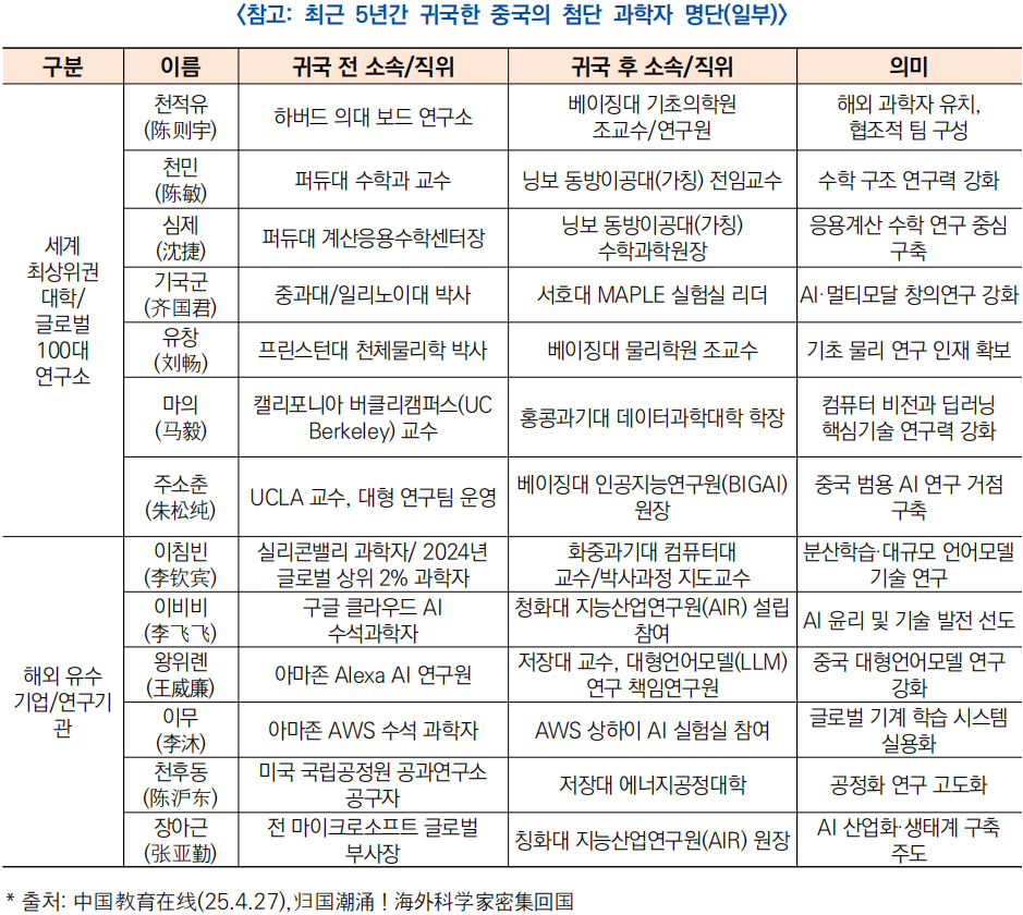 - 미국 국가과학원 회보(PNAS) 자료에 따르면 2010~2021년 사이 약 1만 2,500명의 화교(華裔) 과학자가 미국에서 중국으로 이동
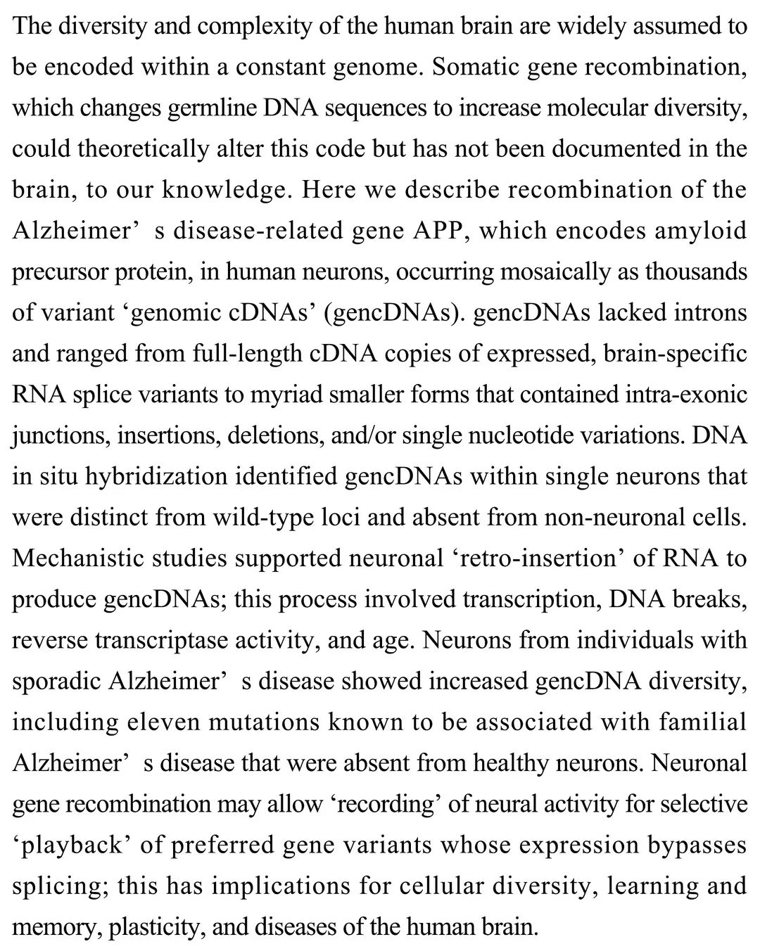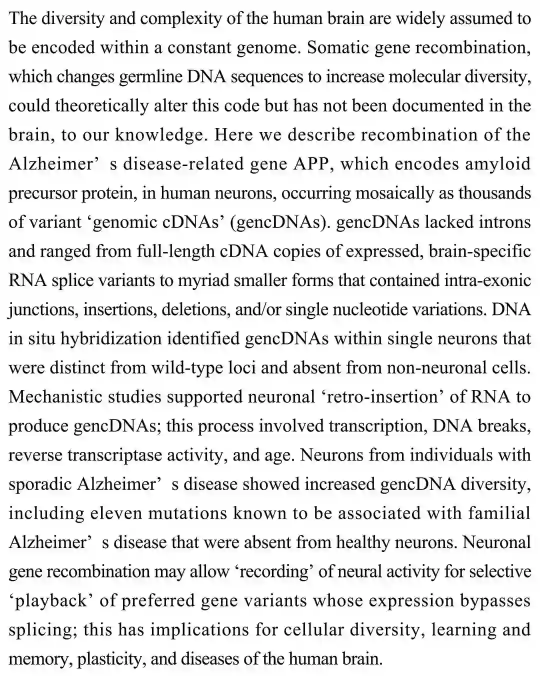 (导读阿金)人类大脑的多样性和复杂性被认为编码在一恒定基因组内,而体细胞基因重组理论上能够改变这种编码。本研究描述了人类神经元内可编码淀粉样前体蛋白、与阿尔茨海默病相关的APP基因重组现象,以上千种基因组cDNAs(gencDNAs)变异体出现。同时确认RNA的神经元“逆向插入”产生gencDNAs,鉴定了gencDNAs的多样性。该结果为理解人类大脑细胞多样性、学习和记忆机制、以及可塑性提供新见解。
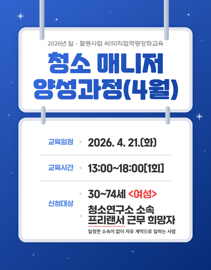 [금천][4050직업역량강화교육] 청소연구소와 함께하는 청소매니저 양성과정(4월)마감 D-13

#### Work required:
With the pictures left out, output exactly the lines from the one with "(导读阿金)人类大脑的多样性" through the end of the listing above, both ends included.

#### Task result:
 (导读阿金)人类大脑的多样性和复杂性被认为编码在一恒定基因组内,而体细胞基因重组理论上能够改变这种编码。本研究描述了人类神经元内可编码淀粉样前体蛋白、与阿尔茨海默病相关的APP基因重组现象,以上千种基因组cDNAs(gencDNAs)变异体出现。同时确认RNA的神经元“逆向插入”产生gencDNAs,鉴定了gencDNAs的多样性。该结果为理解人类大脑细胞多样性、学习和记忆机制、以及可塑性提供新见解。
 [금천][4050직업역량강화교육] 청소연구소와 함께하는 청소매니저 양성과정(4월)마감 D-13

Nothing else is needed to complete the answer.